Data for the task:
########################################

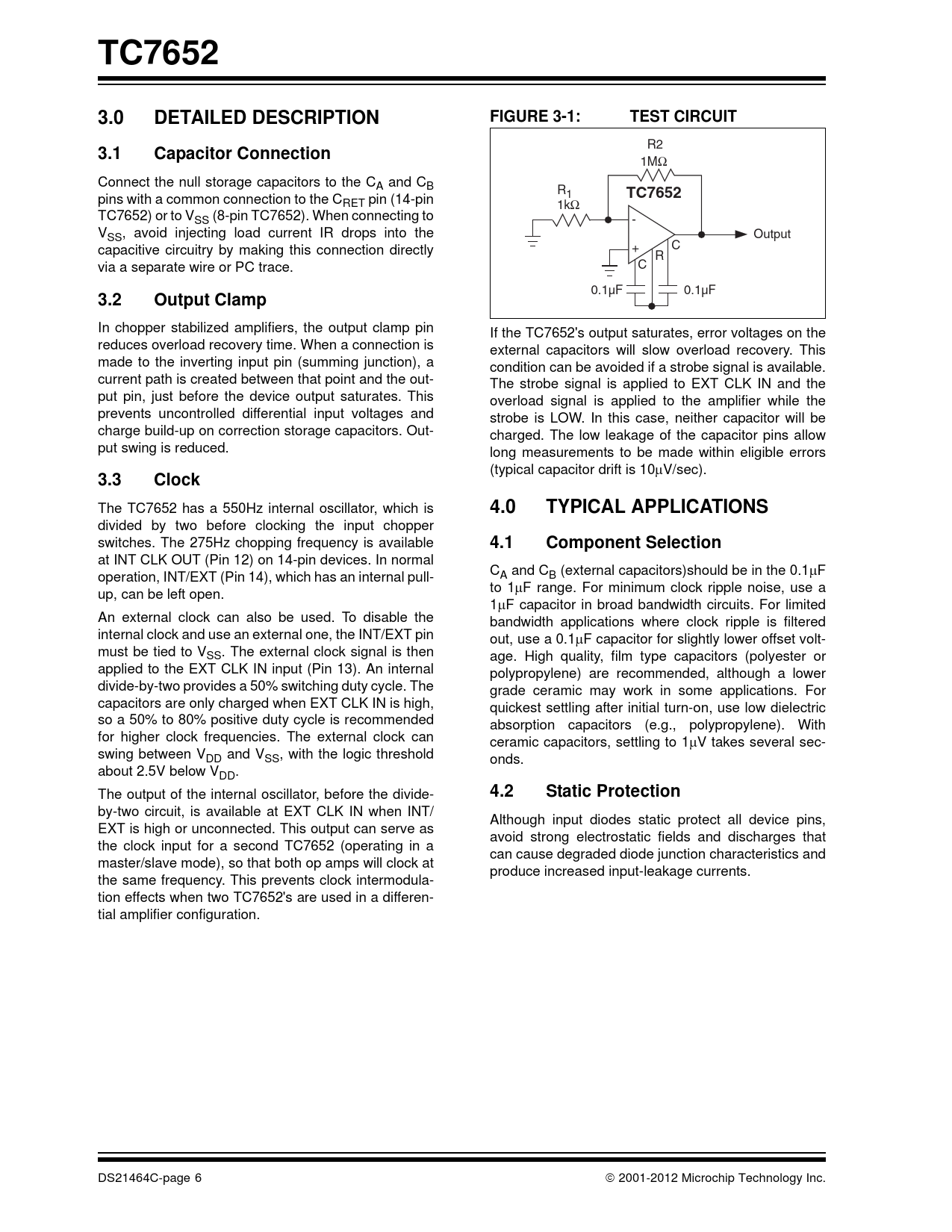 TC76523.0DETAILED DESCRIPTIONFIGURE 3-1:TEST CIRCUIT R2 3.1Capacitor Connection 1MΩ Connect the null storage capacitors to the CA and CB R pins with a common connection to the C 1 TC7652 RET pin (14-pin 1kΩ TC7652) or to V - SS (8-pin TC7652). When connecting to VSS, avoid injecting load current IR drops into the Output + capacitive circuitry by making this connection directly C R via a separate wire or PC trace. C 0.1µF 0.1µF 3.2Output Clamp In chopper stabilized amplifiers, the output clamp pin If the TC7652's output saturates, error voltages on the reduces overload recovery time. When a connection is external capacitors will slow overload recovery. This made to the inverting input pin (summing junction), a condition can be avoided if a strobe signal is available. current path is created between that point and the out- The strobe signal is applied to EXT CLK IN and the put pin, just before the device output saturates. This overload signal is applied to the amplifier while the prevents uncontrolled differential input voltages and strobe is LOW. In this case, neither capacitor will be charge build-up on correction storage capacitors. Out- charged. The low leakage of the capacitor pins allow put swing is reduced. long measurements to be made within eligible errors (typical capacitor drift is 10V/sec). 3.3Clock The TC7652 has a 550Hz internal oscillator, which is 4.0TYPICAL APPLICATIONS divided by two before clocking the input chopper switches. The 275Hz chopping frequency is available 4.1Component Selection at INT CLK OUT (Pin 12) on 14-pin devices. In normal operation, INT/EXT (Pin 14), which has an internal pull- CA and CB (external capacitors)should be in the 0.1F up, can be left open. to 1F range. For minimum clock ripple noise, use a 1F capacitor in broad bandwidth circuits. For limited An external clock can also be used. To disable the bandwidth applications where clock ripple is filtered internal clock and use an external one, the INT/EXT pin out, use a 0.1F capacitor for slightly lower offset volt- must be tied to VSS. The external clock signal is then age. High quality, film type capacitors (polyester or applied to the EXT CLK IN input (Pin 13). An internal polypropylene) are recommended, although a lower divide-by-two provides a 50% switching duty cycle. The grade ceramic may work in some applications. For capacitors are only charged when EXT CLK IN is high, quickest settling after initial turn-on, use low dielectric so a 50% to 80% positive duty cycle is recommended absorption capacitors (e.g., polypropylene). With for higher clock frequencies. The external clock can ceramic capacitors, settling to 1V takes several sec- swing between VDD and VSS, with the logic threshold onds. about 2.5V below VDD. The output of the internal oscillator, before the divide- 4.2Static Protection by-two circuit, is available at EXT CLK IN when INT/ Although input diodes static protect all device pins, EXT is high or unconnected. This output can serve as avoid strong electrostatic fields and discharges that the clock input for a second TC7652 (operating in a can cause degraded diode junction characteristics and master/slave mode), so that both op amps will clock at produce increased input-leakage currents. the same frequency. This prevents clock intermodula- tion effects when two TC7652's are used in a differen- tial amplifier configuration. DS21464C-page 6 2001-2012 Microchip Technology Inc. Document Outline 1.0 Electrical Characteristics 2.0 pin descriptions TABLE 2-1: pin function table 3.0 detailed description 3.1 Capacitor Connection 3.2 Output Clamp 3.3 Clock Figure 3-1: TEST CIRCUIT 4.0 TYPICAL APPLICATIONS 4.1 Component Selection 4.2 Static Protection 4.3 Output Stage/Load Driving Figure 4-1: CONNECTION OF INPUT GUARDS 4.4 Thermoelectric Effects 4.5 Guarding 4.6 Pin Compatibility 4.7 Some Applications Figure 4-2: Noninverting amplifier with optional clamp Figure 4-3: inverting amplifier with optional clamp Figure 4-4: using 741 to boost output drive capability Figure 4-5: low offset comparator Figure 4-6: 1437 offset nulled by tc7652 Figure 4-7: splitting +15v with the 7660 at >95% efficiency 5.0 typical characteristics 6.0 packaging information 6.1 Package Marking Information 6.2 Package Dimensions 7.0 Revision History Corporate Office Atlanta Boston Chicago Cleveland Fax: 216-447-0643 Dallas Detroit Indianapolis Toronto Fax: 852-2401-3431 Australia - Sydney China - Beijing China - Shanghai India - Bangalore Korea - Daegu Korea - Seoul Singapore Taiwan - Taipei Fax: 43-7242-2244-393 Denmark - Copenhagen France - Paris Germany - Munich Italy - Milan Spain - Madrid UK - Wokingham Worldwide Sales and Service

########################################

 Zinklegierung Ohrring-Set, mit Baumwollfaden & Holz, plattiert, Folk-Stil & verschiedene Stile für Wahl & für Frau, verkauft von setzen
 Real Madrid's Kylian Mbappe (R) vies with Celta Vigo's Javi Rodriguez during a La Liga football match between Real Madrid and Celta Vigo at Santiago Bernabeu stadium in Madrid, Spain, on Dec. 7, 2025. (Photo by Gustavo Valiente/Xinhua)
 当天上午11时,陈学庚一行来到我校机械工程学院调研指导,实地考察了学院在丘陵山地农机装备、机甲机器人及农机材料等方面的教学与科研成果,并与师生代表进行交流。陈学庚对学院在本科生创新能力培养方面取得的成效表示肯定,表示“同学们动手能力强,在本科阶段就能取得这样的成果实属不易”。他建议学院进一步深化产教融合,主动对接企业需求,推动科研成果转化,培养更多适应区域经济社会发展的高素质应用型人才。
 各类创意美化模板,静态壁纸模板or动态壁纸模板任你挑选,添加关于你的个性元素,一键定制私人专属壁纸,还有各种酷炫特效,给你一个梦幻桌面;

########################################

Prompt: Please copy, exactly and with nothing else, the lines above beginning at the line that has "Real Madrid's Kylian" and ending with the line that has "各类创意美化模板,静态壁纸模".

Task answer:
 Real Madrid's Kylian Mbappe (R) vies with Celta Vigo's Javi Rodriguez during a La Liga football match between Real Madrid and Celta Vigo at Santiago Bernabeu stadium in Madrid, Spain, on Dec. 7, 2025. (Photo by Gustavo Valiente/Xinhua)
 当天上午11时,陈学庚一行来到我校机械工程学院调研指导,实地考察了学院在丘陵山地农机装备、机甲机器人及农机材料等方面的教学与科研成果,并与师生代表进行交流。陈学庚对学院在本科生创新能力培养方面取得的成效表示肯定,表示“同学们动手能力强,在本科阶段就能取得这样的成果实属不易”。他建议学院进一步深化产教融合,主动对接企业需求,推动科研成果转化,培养更多适应区域经济社会发展的高素质应用型人才。
 各类创意美化模板,静态壁纸模板or动态壁纸模板任你挑选,添加关于你的个性元素,一键定制私人专属壁纸,还有各种酷炫特效,给你一个梦幻桌面;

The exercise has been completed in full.